Даже как у Иисуса Иоанн был любимейшим, так у Гришки — Павлик, поварок из греческой кухмистерской с Садовой.

Гришка любил Павлика за молодость и необычайную смелость.

Павлик действительно был смел.

Прямо не умел бояться. Не понимал боязни.

Гришка о нем говорил так (философствовать, как и Христос, он любил):

— Есть люди всякие, каких чудаков бабы не родят. Я вот музыки не понимаю. Один черт для меня, что пианино, что трензель или барабан. Шум, и больше ничего. А скрипку терпеть не могу. Пищит, скулит, точно нищего через Урал тянет. А вот Павлик страха не понимает. Как вот я — музыки. Верно, Павлик, не понимаешь?

Павлик смеется весело, по-детски. И по-детски смотрит глуповатыми, красивыми, как у куклы, глазами:

— Как не понимаю? Что я — чума, что ли? Я знаю: страшно. А только не знаю, как это страшно-то бывает.

— Погоди! — перебивает Гришка. — Идешь ты, скажем, с Лизкой со своей на Митрофаниевском кладбище.

— Никогда мы с ней там не гуляем. Скучно, да и воняет.

— Дурак! Это мы предположим. Понял?

— Ну ладно, понял.

— Ни черта ты не понял… Значит, идешь. Теперь, вдруг из могилы — мертвец. Паршивый такой, почти сгнил.

— Стой! Как же он может?..

— Э! Не перебивай… Это так, вроде сказки. Ну, вылез это… «Ты чего, мол, шкет, со шкицею треплешься, мне, мертвецу, спать не даешь?» Понял? Это мертвец тебя спрашивает.

Павлик смотрит на Гришку непонимающими глазами и начинает вполголоса:

— До-ля-фа!.. Ты не ври…

Гришка безнадежно машет рукой.

Парни смеются.

Павлик не понимает страха, а потому обнаруживание у людей страха, боязни интересует и забавляет его. Особенно если люди боятся пустяков: крыс, пауков, тараканов, щекотки.

Павлик, так же как и ничего, не боится и щекотки, и люди, боящиеся ее, для него необыкновенно смешны и забавны, даже необычайны, как какие-нибудь редкие существа.

Это заставляет его чуть не ежедневно щекотать одного из покрошей, Кольку-Бульонного.

Бульонный — из «чистых», сын вдовы-чиновницы, самый слабый из парней.

Даже малолетний Самсончик с ним справляется.

По будням, в послеобеденные часы, прямо из кухмистерской или после разноса обедов на квартиры, с пустыми судками, Павлик наведывается к Покрову.

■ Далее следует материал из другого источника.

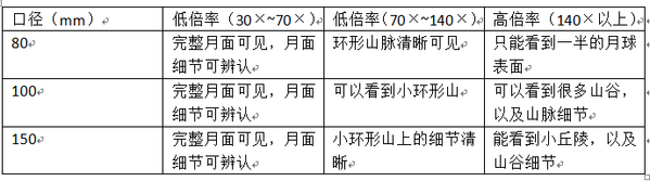 天文望远镜是一种比较复杂的仪器,它的参数有很多,比如口径、焦距、焦比、倍率、镀膜、寻星镜、赤道仪……菜鸟童鞋一定别被卖家炫出的各种名词搞晕,入门级爱好者就牢牢把住一点就好:口径和焦距(或者倍率)。这个没选好,其他的神马都是浮云。 口径,简单地说,就是望远镜镜筒的粗细,它直接影响观星的效果。口径越大,看得越清楚。 望远镜最核心的本事就是“看远处”。焦距是一台望远镜看家本领的直接体现,决定了望远镜的放大倍数,能让我们看得更远。注意!望远镜的焦距有两个,一个是物镜焦距,另一个是目镜焦距。一般来说,天文望远镜的物镜焦距是不变的,而目镜焦距是可以调节的。有些商家还配有多个目镜可供选择。物镜焦距与目镜焦距之比称为倍率,也就是放大倍数。当然,放大倍数越大,看得越清楚、越远,也就是说,物镜焦距越大越好。 小结一下:选望远镜要选口径大和物镜焦距大的,简单粗暴地说,就是选镜筒又粗又长的。不过,镜筒越粗、越长,望远镜的价格就会越贵,而且重量也是杠杠滴,对于我们志在四方的小天文爱好者,真是背着望远镜就已经累到cry,那么也就没力气看星星了。所以还是要根据需要,量力而行,选择一款适合自己的观星神器。下面以月亮为例,给出大概的参数,供君选择。

Завидя его, покроши, смеясь, Кольке:

— Сейчас тебе, Бульонный, жара будет.

А Павлик, белым костюмом и колпаком, сытыми щеками и улыбкою мелкозубого рта напоминающий веселого здоровяка поваренка с жорж-борманских реклам, садится рядом с Колькою, вздрагивающим от одного взгляда своего вечного мучителя, и говорит, подмигивая парням:

— Бульонный, поди, по мне стосковался?

— Брось трепаться, Павлушка! — сразу пугался парень.

— Зачем трепаться? На гармозе сыграю, только и всего.

Павлик, не торопясь, засучивал на полных розовых руках рукава, скидывал с жарких ног башмаки.

Затем, так же не торопясь, валил слабосильного Кольку, садился верхом.

Точно нехотя проводил пальцами по вздрагивающим Колькиным бокам.

Тот отчаянно взвизгивал, начинал биться, силясь сбросить с себя тяжелого, полнотелого Павлика.

— Мало, брат, каши ел, матка, поди, бульоном кормила, — смеялся веселый палач.

Ловил Колькины руки, раскидывал их в стороны, прижимал в сгибах толстыми пятками и начинал работать вовсю: быстро мелькали пальцы, забегали под мышки, останавливались.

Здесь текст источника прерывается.